YOUR TASK
From the line containing "ZAZOU est un" down to the last line of the material, output each line exactly as it appears, excluding pictures.

EXERCISE DATA
------------------------------------------------------------------------

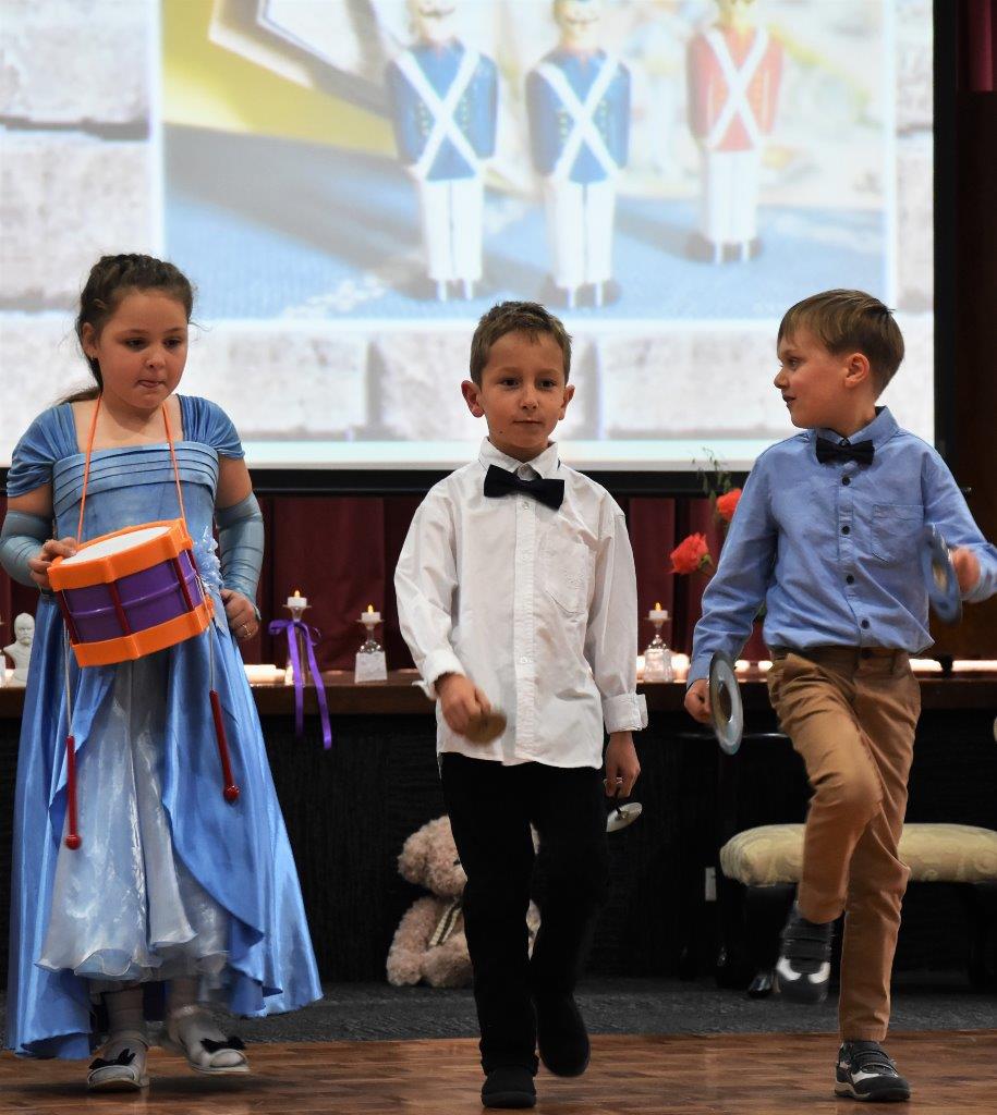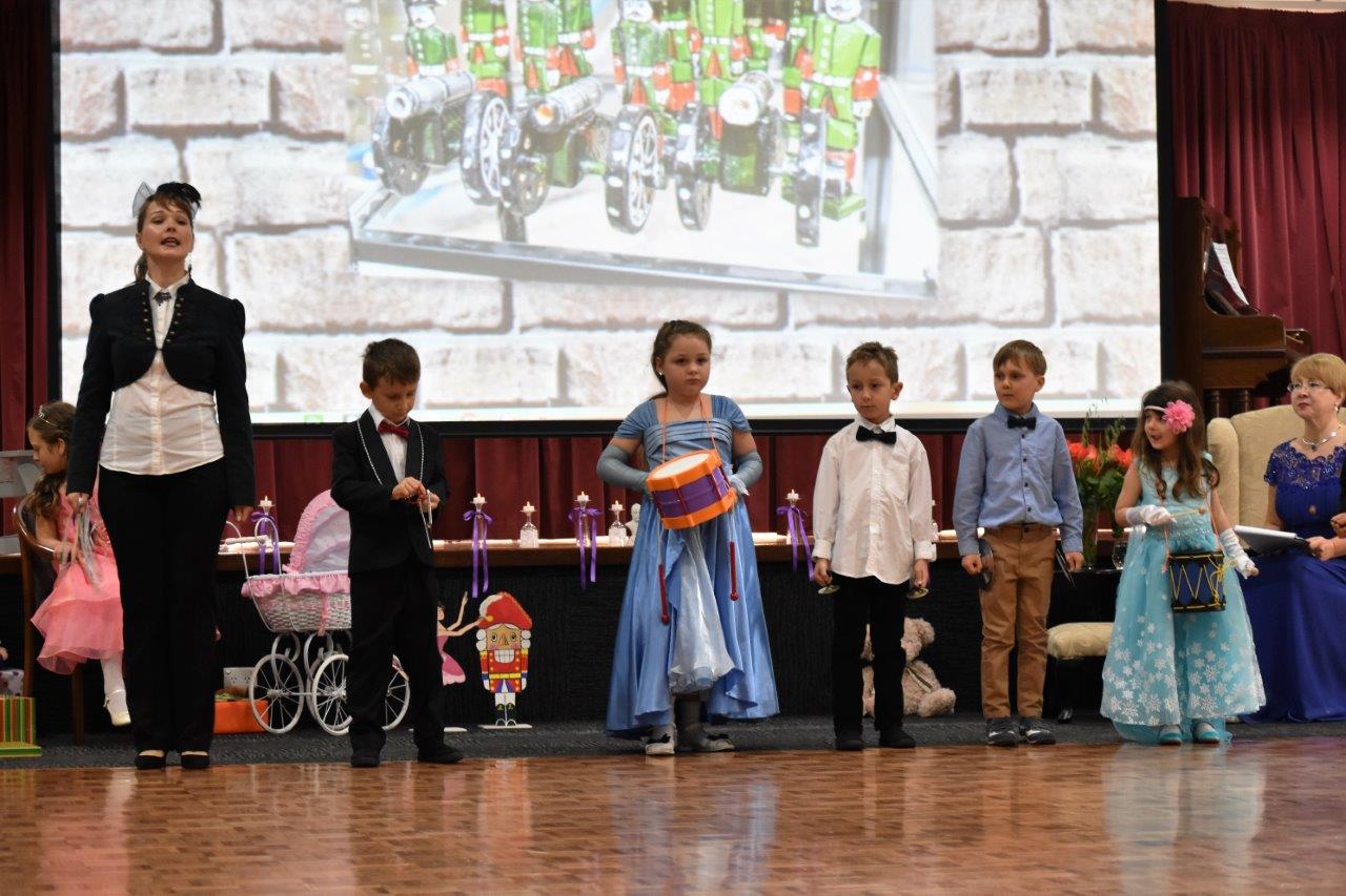 Подготовка к балу выявила очень прочные межпредметные связи, потому что готовили этот бал всей школой. На уроках русского языка обсуждали стихи, которые описывали настроение той или иной пьесы из «Детского альбома». Затем дети прочитали их на балу. И замечательно прочитали! В «Детском альбоме» есть три пьесы – «Вальс», «Мазурка» и «Полька». На уроках дети старательно изучали движения этих старинных танцев и чудно их исполнили на празднике. Так же на балу присутствовал элемент театрализации. Под «Марш деревянных солдатиков» наши дети очень забавно изображали игрушечное войско, которое вышло на парад. По сценарию бал состоялся в честь дня рождения маленькой девочки Сони, роль которой очень здорово сыграла ученица нашей школы София Жученко. В конце мероприятия был проведен мастер-класс по бальным танцам и для родителей. Очень трогательно было наблюдать, как папы танцуют с дочками, а мамы вальсируют с сыновьями. А еще были вручены призы самым элегантным семьям и детям за красивые бальные наряды! И, конечно, «сладкий стол»!
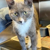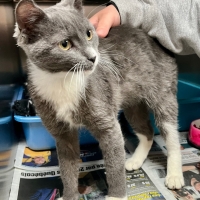 ZAZOU est un adorable chaton est en très bonne santé. Avec son joli pelage gris et blanc, son petit nez rigolo mi-noir, mi-rose et ses superbes yeux verts remplis de tendresse et de naiveté, il saura vous enchanter au premier coup d’oeil!
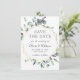 Crea la invitación de boda perfecta con esta plantilla de "Invitación de GUARDA LA FECHA de Boda Floral de Eucalipto Moderno".

------------------------------------------------------------------------

SOLUTION TO THE PROBLEM
 ZAZOU est un adorable chaton est en très bonne santé. Avec son joli pelage gris et blanc, son petit nez rigolo mi-noir, mi-rose et ses superbes yeux verts remplis de tendresse et de naiveté, il saura vous enchanter au premier coup d’oeil!
 Crea la invitación de boda perfecta con esta plantilla de "Invitación de GUARDA LA FECHA de Boda Floral de Eucalipto Moderno".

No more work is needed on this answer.